Follow how coverage of this story developed over time

February 17, 2026
8:06 PM
Ever-present Homeland Security spokesperson McLaughlin is leaving
MS NOW by Erum Salam
New information:
  • Confirms McLaughlin is leaving and notes DHS has not provided a reason for her departure.
  • Provides on-record praise from Secretary Kristi Noem calling McLaughlin's service 'exceptional dedication, tenacity and professionalism.'
  • Details specific misleading claims McLaughlin made about Renee Good and Alex Pretti—asserting Good blocked in officers with her car and Pretti 'violently resisted'—and notes bystander video later undercut those characterizations.
  • Adds an example of her denying ICE detention of 5‑year‑old Liam Conejo Ramos and insisting the child was not used as 'bait' to arrest his father.
  • Links the timing of her departure explicitly to the Feb. 14 DHS funding lapse and Democrats’ insistence on changing immigration-enforcement policies as a condition of any funding bill.
6:31 PM
Tricia McLaughlin Is Stepping Down as Spokeswoman for D.H.S.
Nytimes by Hamed Aleaziz
New information:
  • New York Times confirms via two DHS officials that McLaughlin is stepping down and notes she had planned to leave in December but stayed on after the Minneapolis shootings.
  • Article details her central role in DHS’s increasingly aggressive social-media messaging, including posting a World War II-style 'report all foreign invaders' graphic and a meme using the phrase 'We’ll have our home again,' also the title of a song backed by white nationalist groups.
  • It recounts Trump’s public praise of McLaughlin by name on social media in December for touting arrests of 'illegals' and highlights her high-profile on-air clash with ABC’s Jay O’Brien over describing Kilmar Abrego as a 'Maryland man.'
  • The piece underscores that DHS later walked back claims in one of the three recent Minneapolis shootings after the third victim survived and evidence contradicted early federal accounts.
6:13 PM
Tricia McLaughlin is stepping down as a spokeswoman for the Homeland Security Department.
Nytimes by Hamed Aleaziz
New information:
  • Confirms from New York Times that McLaughlin is indeed stepping down as DHS spokeswoman, aligning with prior reports of her planned departure.
  • Places her resignation explicitly on Feb. 17, 2026 in the middle of high‑stakes U.S.–Iran nuclear talks and a regional military buildup, underscoring the broader foreign‑policy context in which DHS messaging is shifting.

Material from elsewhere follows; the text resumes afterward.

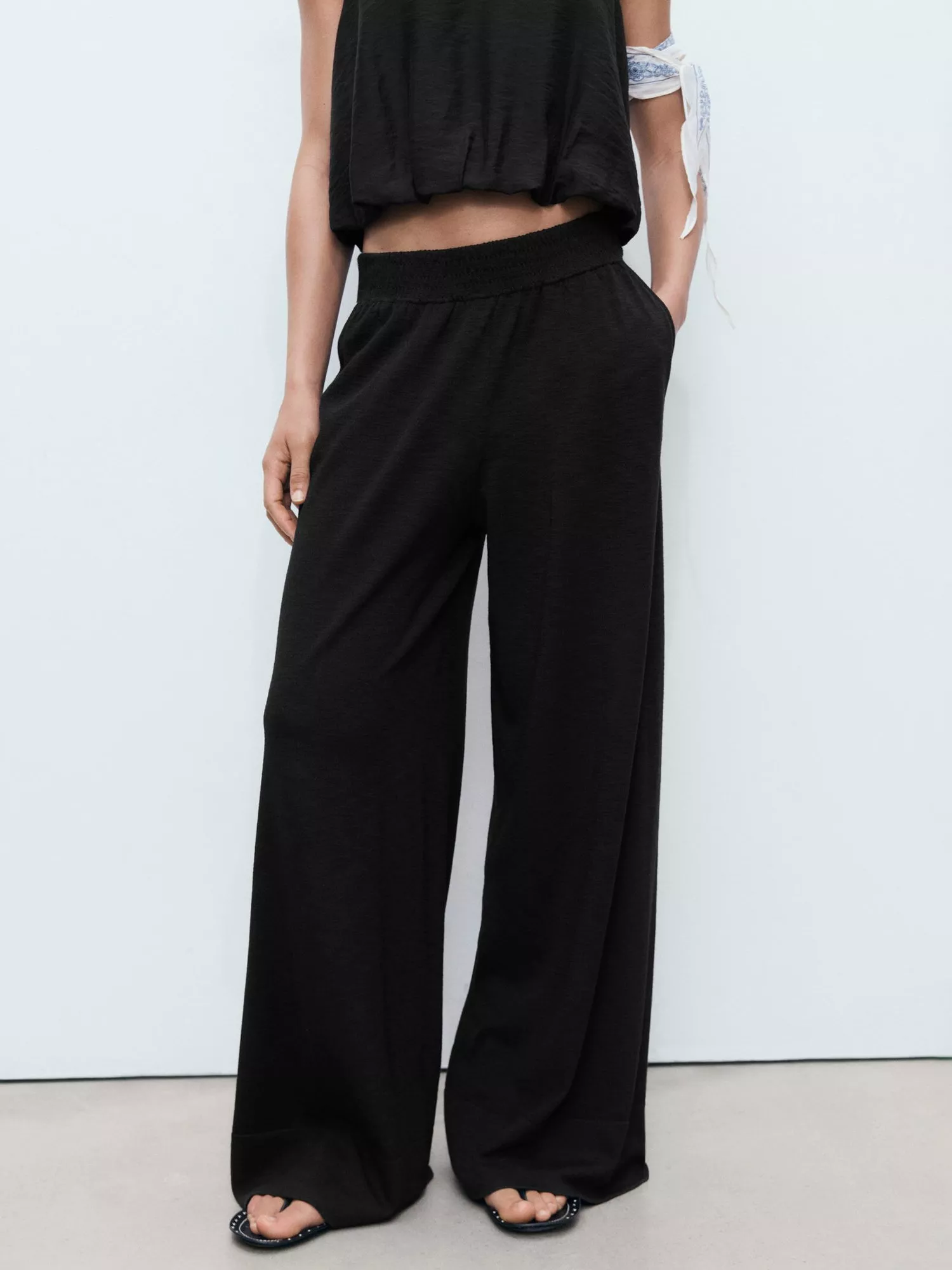 Sharp tailoring meets effortless confidence in these fine knit wide-leg trousers from Mango. They are designed to sit mid rise with an elastic waistband and regular length hems.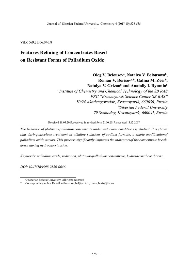 Библиографическое описание:Особенности обогащения концентратов на основе упорных форм оксида палладия = Features Refining of Concentrates Based on Resistant Forms of Palladium Oxide / О. В. Белоусов [и др.]. - Текст : непосредственный // Журнал Сибирского федерального университета. Химия. - 2017. - Т. 10, № 4. - С. 528-535 : ил. - Библиогр.: с. 534-535 (14 назв.). - ISSN 1998-2836.

  • Reinforces that senior Trump officials, including Steve Witkoff and Jared Kushner, are simultaneously engaged in sensitive Geneva talks with Iran as McLaughlin exits her post, highlighting overlapping national‑security storylines.
5:55 PM
Top Trump administration immigration spokesperson is leaving
NPR by Ximena Bustillo
New information:
  • DHS formally confirmed on Feb. 17, 2026 that Assistant Secretary for Public Affairs Tricia McLaughlin is leaving the department and described her as the public face of the mass‑deportation policy.
  • Agency sources say McLaughlin had planned to leave in December but delayed her departure 'amid the aftermath' of the Renee Good and Alex Pretti shootings by federal immigration officers in Minneapolis.
  • NPR notes DHS is shut down for lack of FY 2026 appropriations and that McLaughlin’s departure comes as Kristi Noem and other senior immigration officials are being hauled before Congress over the crackdown.
  • The article details McLaughlin’s recent on‑air defense of Noem’s description of Alex Pretti as a 'domestic terrorist,' then contrasts that with sworn testimony from CBP and ICE chiefs that no one in their chains of command provided evidence for that label.
  • An earlier NPR analysis, referenced here, documented multiple DHS social‑media posts and press statements under McLaughlin that made unproven or incorrect claims about immigrants targeted for deportation and U.S. citizens arrested at protests.